=== Information supplied ===

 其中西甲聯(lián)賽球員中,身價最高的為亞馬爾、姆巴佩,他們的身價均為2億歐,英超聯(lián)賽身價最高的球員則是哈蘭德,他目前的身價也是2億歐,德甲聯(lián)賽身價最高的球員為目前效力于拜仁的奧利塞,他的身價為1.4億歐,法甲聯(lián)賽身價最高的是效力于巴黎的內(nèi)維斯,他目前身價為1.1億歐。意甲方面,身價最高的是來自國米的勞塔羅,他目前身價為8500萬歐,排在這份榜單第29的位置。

===
=== Information supplied ===

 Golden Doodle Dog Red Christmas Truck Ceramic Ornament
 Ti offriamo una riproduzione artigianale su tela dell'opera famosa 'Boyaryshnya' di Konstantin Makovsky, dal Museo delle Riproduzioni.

===

Copy out only the lines of the records above from the one with "Golden Doodle Dog" through the one with "Ti offriamo una", exactly as they stand, both included.

 Golden Doodle Dog Red Christmas Truck Ceramic Ornament
 Ti offriamo una riproduzione artigianale su tela dell'opera famosa 'Boyaryshnya' di Konstantin Makovsky, dal Museo delle Riproduzioni.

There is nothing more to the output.